This summer, the ELC welcomed UVic Law alumna Deborah Curran to her new role as Acting Executive Director. While the role might be new, Deborah has worked with the ELC since as far back as 2005, when she supervised a project on developing best practices wetland laws (that project eventually led to the Green Bylaws Toolkit, now known as THE go-to document for city planners interested in developing enviro-friendly bylaws.)
“The ELC is a winning model,” says Deborah. “It pairs enthusiastic and skilled law students with passionate people from community organizations and First Nations to create a better environment. I am continually amazed at the breadth and effectiveness of our work, and honoured to be leading the ELC into its next 20 years as a key piece of the sustainable community infrastructure in BC.”
Deborah supervises Clinic projects and teaches the Intensive Clinic. She is cross-appointed, teaching courses at both the Faculty of Law and School of Environmental Studies. As an expert in municipal, sustainability and water law issues, Deborah has been deeply involved in the development and implementation of BC’s new Water Sustainability Act and its regulations, providing advice and producing or supervising numerous reports and submissions. Recently, Deborah teamed up with UVic Law Professor Val Napoleon to launch a three-year community research project on colonial and indigenous water law in BC. It’s no wonder that the Real Estate Foundation of British Columbia named Deborah as their 2016 Land Champion for her outstanding work in sustainable land use in BC.

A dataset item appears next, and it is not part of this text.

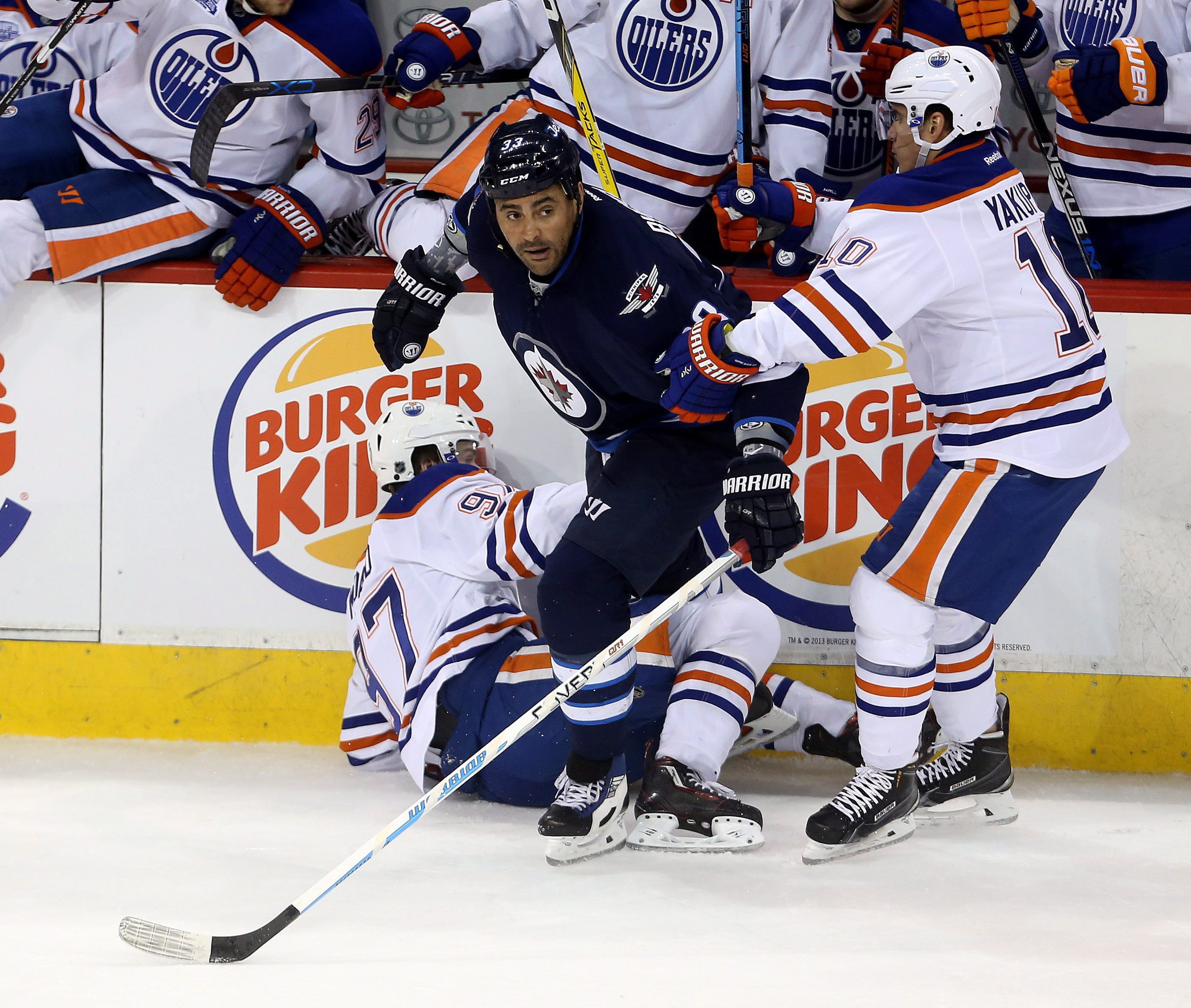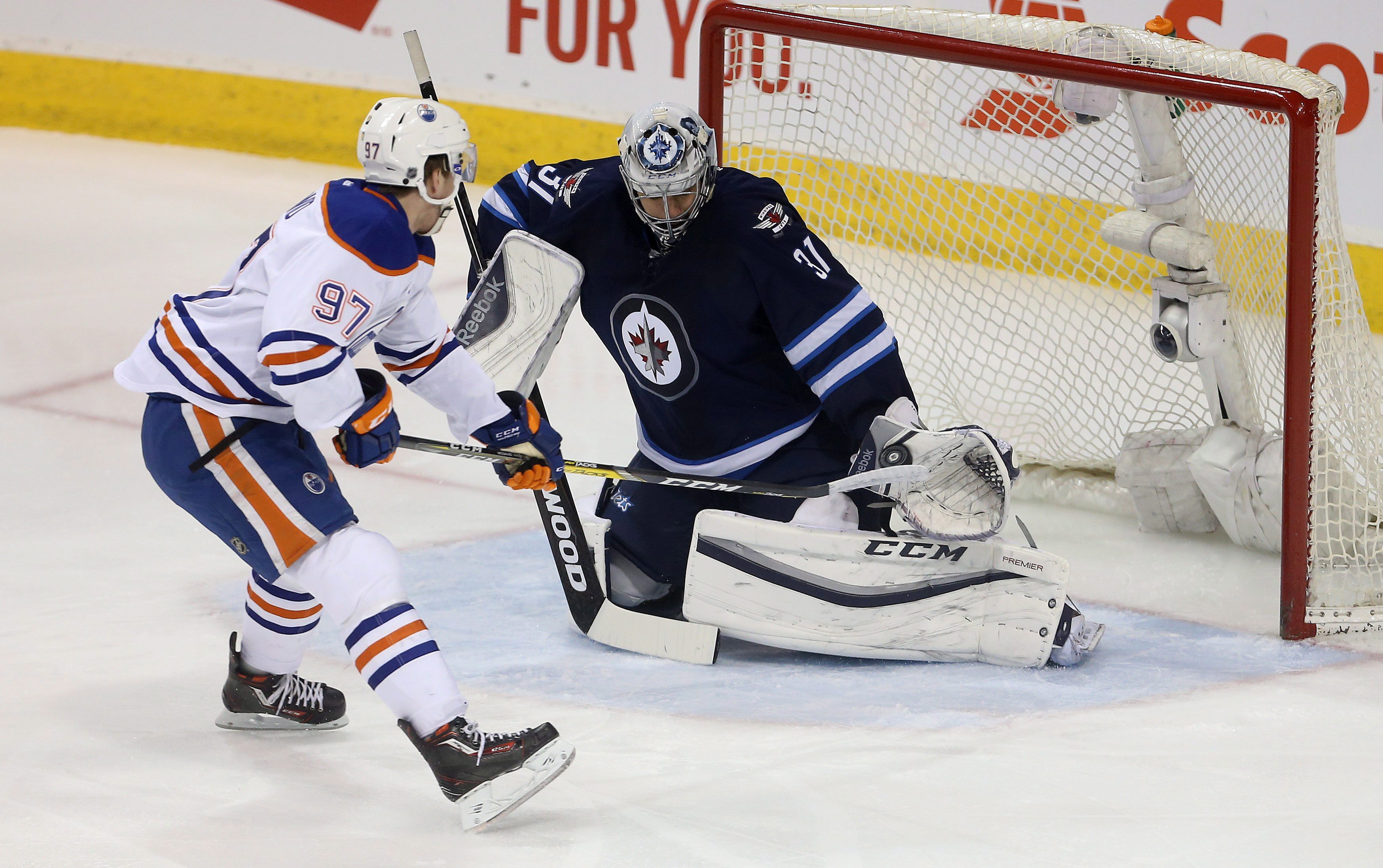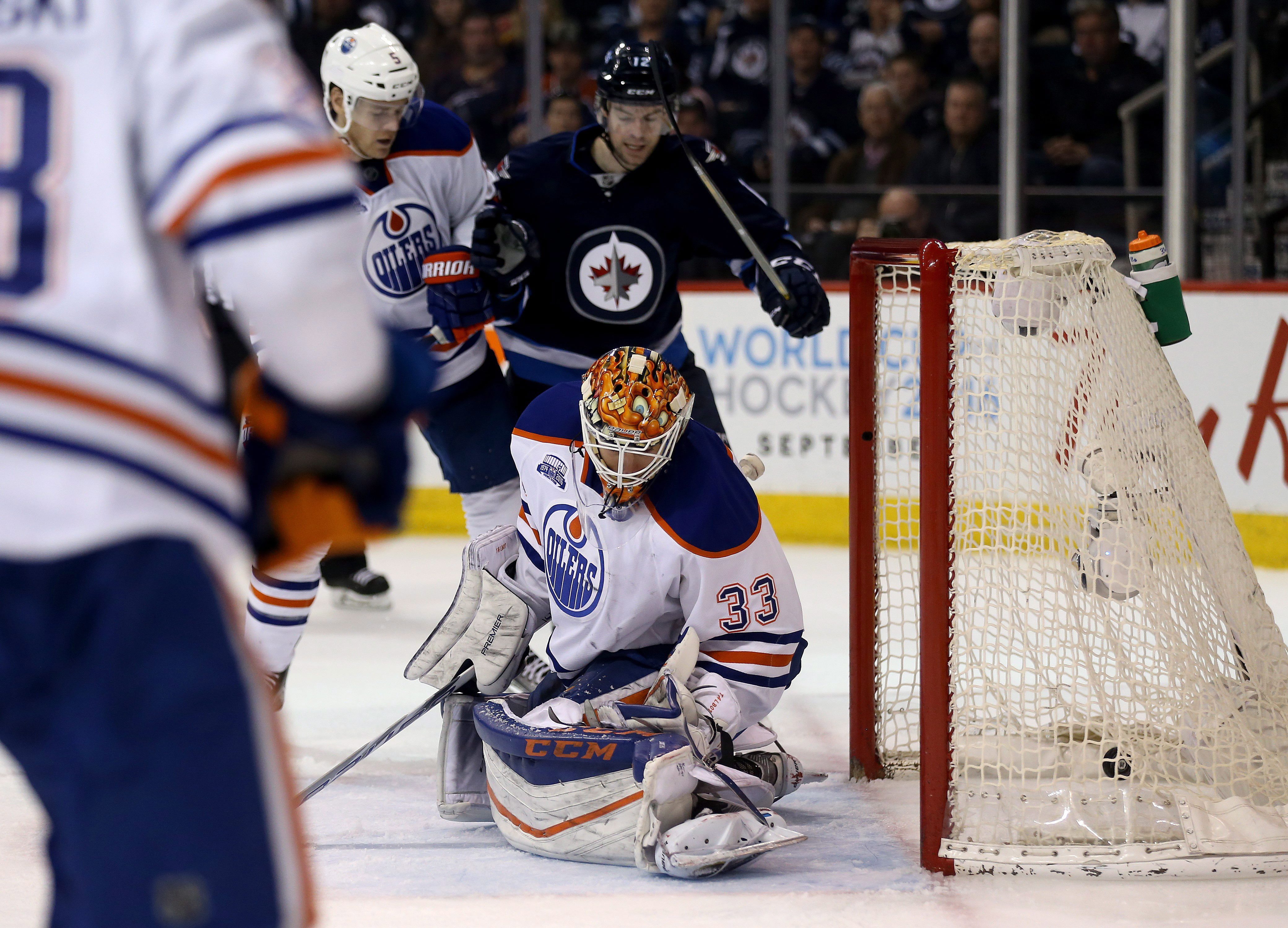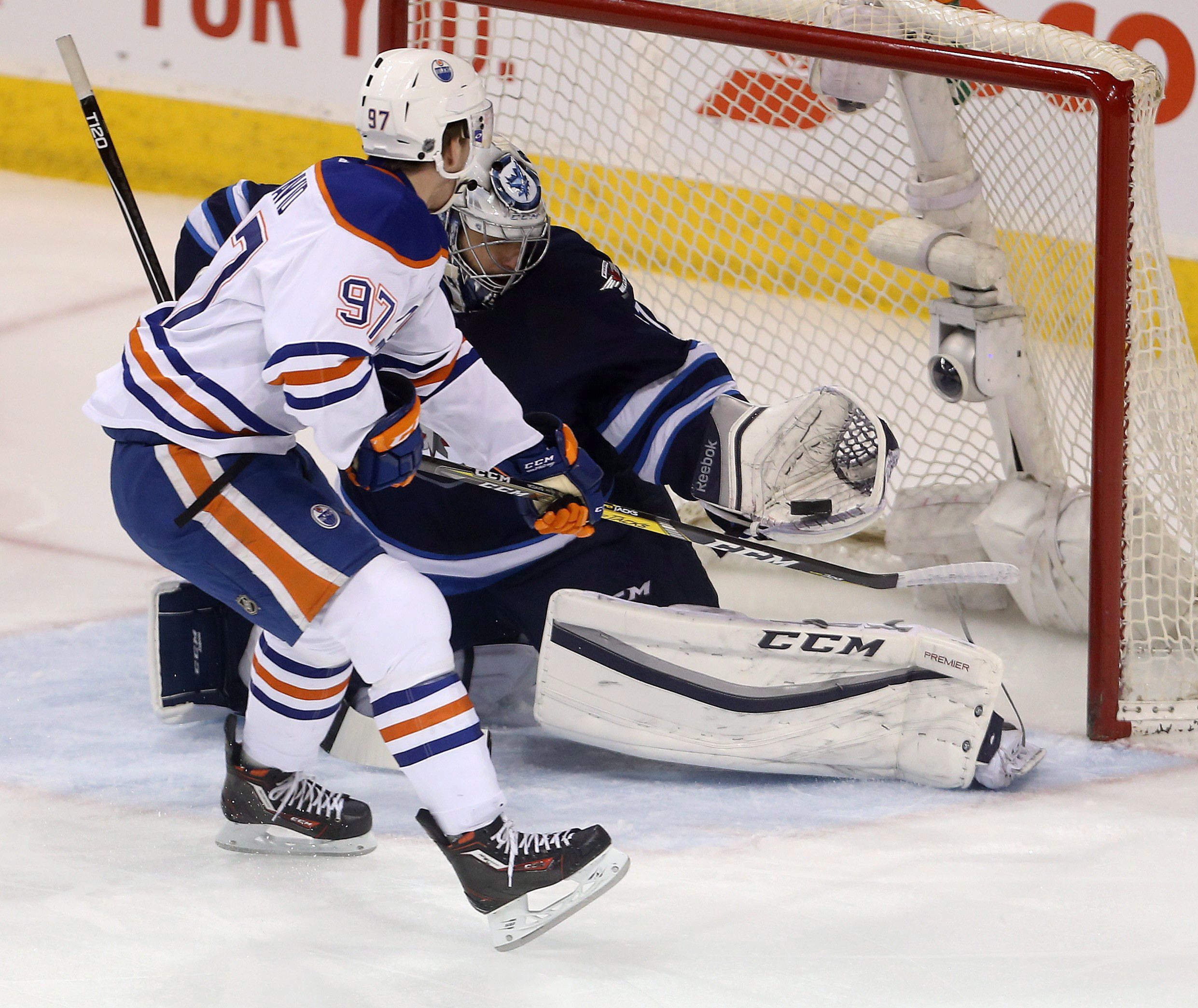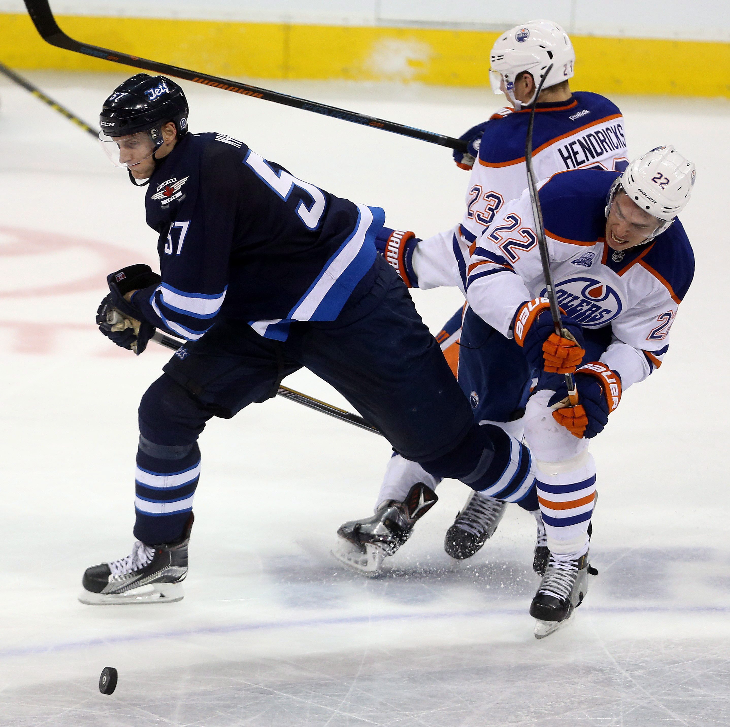 Taylor Hall, working behind the goal line in Winnipeg’s zone, found Maroon on Pavelec’s doorstep and Maroon fired home his sixth of the season for the 1-0 lead at 5:25.

Deborah also knows her way around the non-profit world. As co-founder of Smart Growth BC, she served as the president of the board for five years. She is on the board of Ecojustice and has served on a number of ad hoc committees advising on projects, including for the Greater Vancouver Regional District, Evergreen Canada, and the Victoria Foundation. She is a past member of the City of Victoria Advisory Planning Commission.
Deborah’s colleagues know her as caring, pragmatic and whip-smart, with a wicked sense of humour. She is sure to make sure the ELC is well-prepared to take on the next 20 years of guiding the future of public interest environmental law in BC.